18157070. HYPOTHESIS STITCHER FOR SPEECH RECOGNITION OF LONG-FORM AUDIO simplified abstract (MICROSOFT TECHNOLOGY LICENSING, LLC)

From WikiPatents
Jump to navigation Jump to search

HYPOTHESIS STITCHER FOR SPEECH RECOGNITION OF LONG-FORM AUDIO

Organization Name

MICROSOFT TECHNOLOGY LICENSING, LLC

Inventor(s)

Naoyuki Kanda of Bellevue WA (US)

Xuankai Chang of Baltimore MD (US)

Yashesh Gaur of Redmond WA (US)

Xiaofei Wang of Bellevue WA (US)

Zhong Meng of Mercer Island WA (US)

Takuya Yoshioka of Bellevue WA (US)

HYPOTHESIS STITCHER FOR SPEECH RECOGNITION OF LONG-FORM AUDIO - A simplified explanation of the abstract

This abstract first appeared for US patent application 18157070 titled 'HYPOTHESIS STITCHER FOR SPEECH RECOGNITION OF LONG-FORM AUDIO

Simplified Explanation

Abstract

A hypothesis stitcher for speech recognition of long-form audio provides superior performance, such as higher accuracy and reduced computational cost. The system segments the audio stream into smaller segments, identifies speakers within each segment, performs automatic speech recognition (ASR) on each segment to generate short-segment hypotheses, merges these hypotheses into a first merged hypothesis set, inserts stitching symbols into the merged set, and consolidates the set into a first consolidated hypothesis using a network-based hypothesis stitcher. Multiple variations are disclosed, including alignment-based stitchers and serialized stitchers, which may operate as speaker-specific or multi-speaker stitchers, and may support multiple options for differing hypothesis configurations.

Bullet Points

  • Hypothesis stitcher for speech recognition of long-form audio
  • Segments audio stream into smaller segments
  • Identifies speakers within each segment
  • Performs ASR on each segment to generate short-segment hypotheses
  • Merges hypotheses into a first merged hypothesis set
  • Inserts stitching symbols, including a window change (WC) symbol, into the merged set
  • Consolidates the merged set into a first consolidated hypothesis using a network-based stitcher
  • Multiple variations, including alignment-based and serialized stitchers
  • Can operate as speaker-specific or multi-speaker stitchers
  • Supports multiple options for differing hypothesis configurations

Potential Applications

  • Transcription services for long-form audio recordings
  • Voice assistants for processing extended conversations
  • Call center analytics for analyzing customer interactions
  • Language learning platforms for transcribing and analyzing spoken language

Problems Solved

  • Improved accuracy in speech recognition of long-form audio
  • Reduced computational cost for processing large audio streams
  • Efficiently handling multiple speakers within the audio stream
  • Seamless stitching of short-segment hypotheses for a coherent transcription

Benefits

  • Higher accuracy in transcribing long-form audio
  • Faster and more efficient processing of large audio streams
  • Improved understanding of multi-speaker conversations
  • Enhanced user experience with voice assistants and transcription services


Original Abstract Submitted

A hypothesis stitcher for speech recognition of long-form audio provides superior performance, such as higher accuracy and reduced computational cost.
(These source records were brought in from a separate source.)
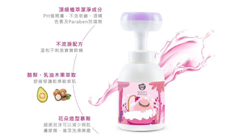 【思必兒】嬰幼兒酪梨乳油木果洗髮沐浴慕斯-甜蜜森林香氛★花朵型★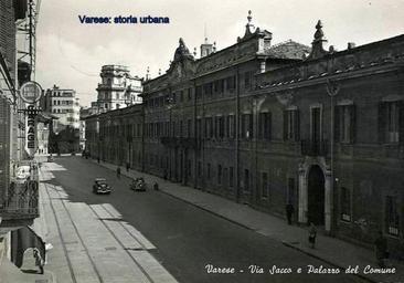 | Keywords: A destra Palazzo Estense (arch. Giuseppe Antonio Bianchi, 1766-73), segue casa Sacco/Ghirlanda (arch. Francesco Peverelli, 1808) sostituita nel 1964 dal palazzo della Banca d'Italia (arch. Ignazio Gardella). In fondo, in via Verbano (ora Marcobi) è quasi terminata la costruzione del palazzo della RAS. varese palazzoestense |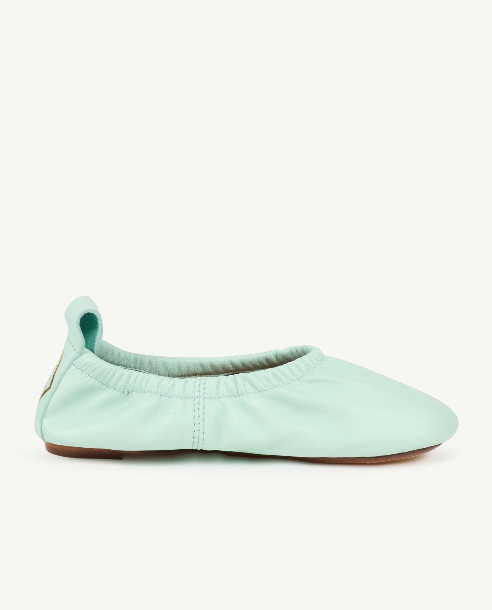 The Mint Donkey Kids Shoes are ballet flat shoes. Leather made and light to wear. With a very thin heel or the appearance of no heel at all. Classic and elegant.
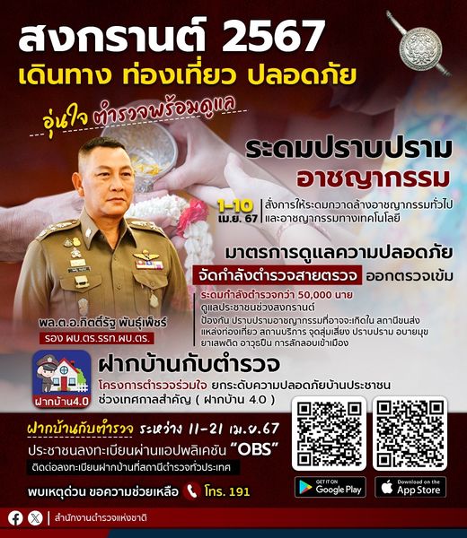 เปิด “ฝากบ้านกับตำรวจ” จัดทำ “โครงการร่วมใจ ยกระดับความปลอดภัยบ้านประชาชนช่วงเทศกาลสำคัญ ( ฝากบ้าน 4.0 )” ระหว่างวันที่ 11 – 21 เมษายน 2567 รวมระยะเวลา 11 วัน โดยให้ประชาชนเข้าร่วมโครงการผ่านแอปพลิเคชัน “OBS” หรือที่สถานีตำรวจ และให้หน่วยดำเนินการคืนบ้านที่เข้าร่วมโครงการฯ ให้เรียบร้อยภายในวันที่ 22 เมษายน 2567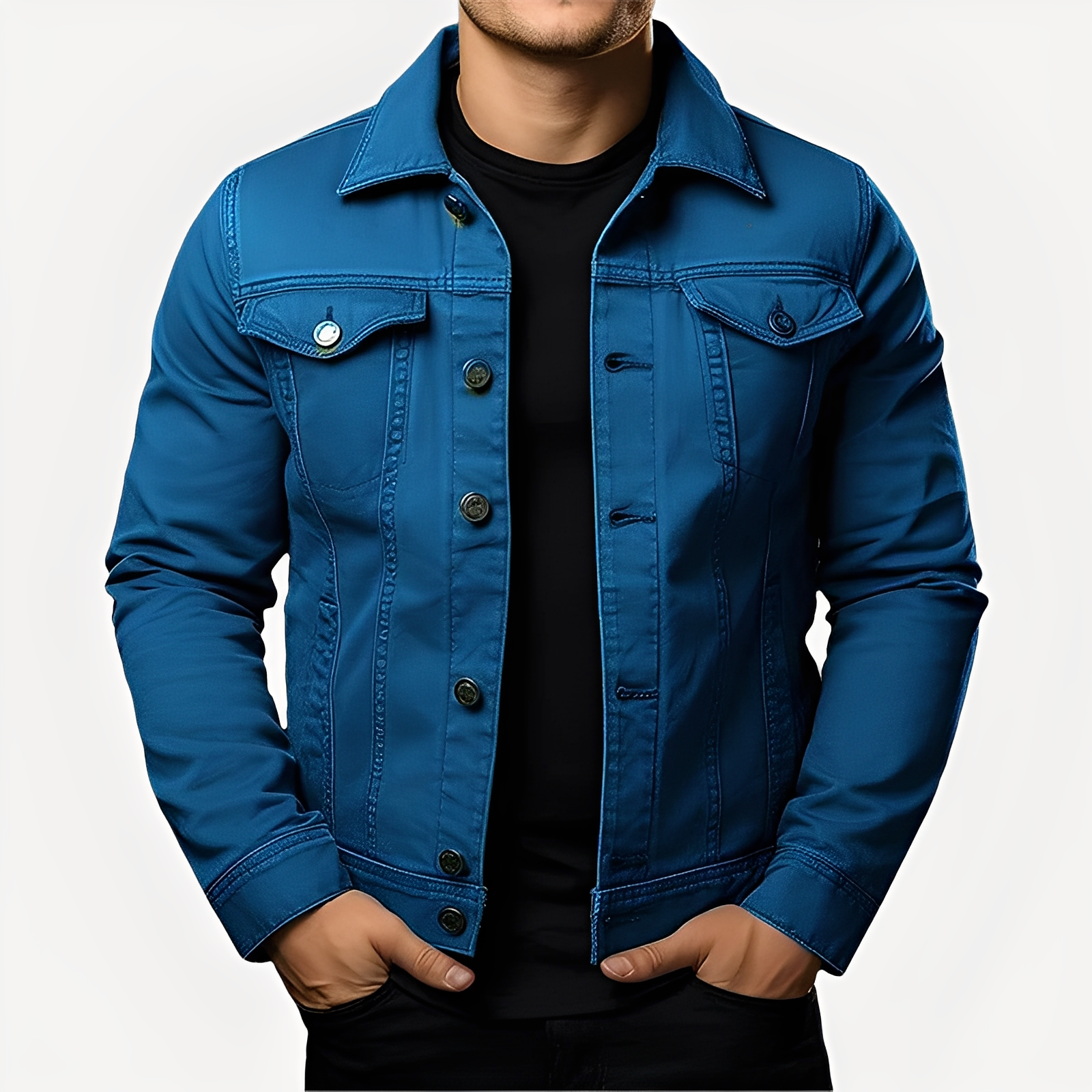 Eine Jacke, die Stil, Wärme und Bequemlichkeit geschickt kombiniert.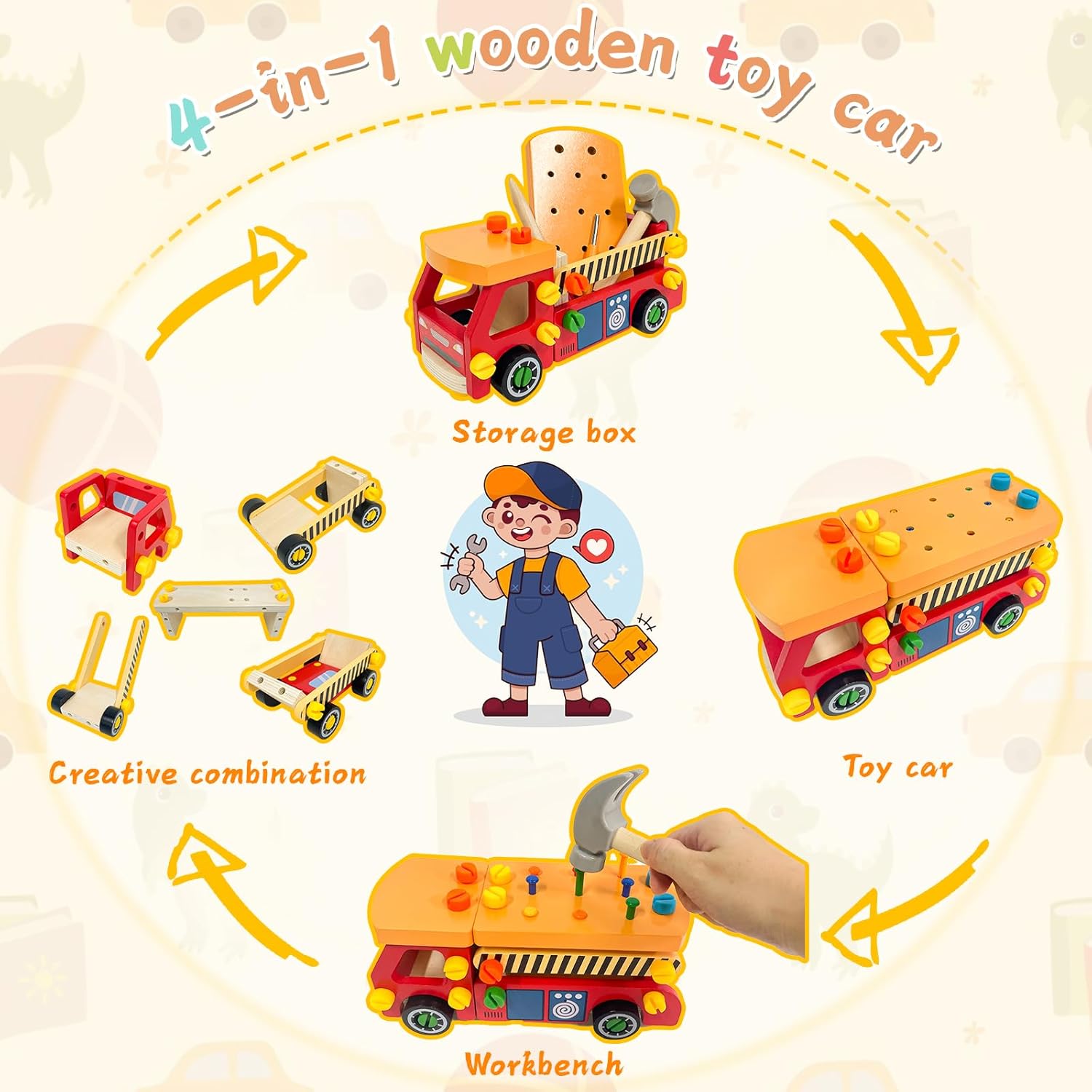 Giochi in Legno da 62-Pezzi: contiene 1 camion giocattolo per bambini in legno (assemblata da te), 3 tipi di strumenti e 3 tipi di PVC-viti, che possono aiutare i bambini dai 3 anni in su a riconoscere le parti, esercitare movimenti fini della mano e occhio-mano coordinazione Giochi Montessori 3 Anni in Su: Viti in 9 colori, camion dai colori intensi e loghi unici. Durante il periodo sensibile al colore, gli accessori luminosi possono aumentare il riconoscimento dei colori da parte dei bambini e stimolare lo sviluppo della loro attività cerebrale Banco Lavoro Bambini di Alta Qualità: il corpo degli giocattoli bambino sono realizzati in legno di alta qualità sicuro e durevole, con superficie liscia e bordi senza sbavature. Le viti sono realizzate in materiale PVC resistente e durevole. La dimensione è progettata per le mani dei più piccoli, facilitando l'utilizzo dello strumento da parte dei bambini, garantendo loro un gioco sicuro e duraturo Facile da smontare e montare: la cassetta attrezzi bambini integra un banco da lavoro, una macchinina, una scatola di immagazzinaggio e una combinazione creativa(Con video operazioni di assemblaggio creativo), consentendo ai bambini di imparare a usare martelli e cacciaviti per assemblare macchinine come un piccolo ingegnere in un'esperienza di gioco creativa Giochi Bambini 3 Anni: la superficie di tavolo da lavoro per bambini è molto istruttiva e viene fornita in una bellissima confezione regalo, adatta a ragazzi e ragazze di età superiore ai tre anni come regali di compleanno, regali di Natale e regali incentivanti. Servizio di alta qualità: Konoz spera che questi giocattoli per bambini possano creare interessanti momenti di gioco tra genitori e figli per te. Se hai domande sul prodotto, puoi contattarci in qualsiasi momento e ti forniremo rapidamente una soluzione!

An example disclosed operation includes: segmenting the audio stream into a plurality of audio segments; identifying a plurality of speakers within each of the plurality of audio segments; performing automatic speech recognition (ASR) on each of the plurality of audio segments to generate a plurality of short-segment hypotheses; merging at least a portion of the short-segment hypotheses into a first merged hypothesis set; inserting stitching symbols into the first merged hypothesis set, the stitching symbols including a window change (WC) symbol; and consolidating, with a network-based hypothesis stitcher, the first merged hypothesis set into a first consolidated hypothesis. Multiple variations are disclosed, including alignment-based stitchers and serialized stitchers, which may operate as speaker-specific stitchers or multi-speaker stitchers, and may further support multiple options for differing hypothesis configurations.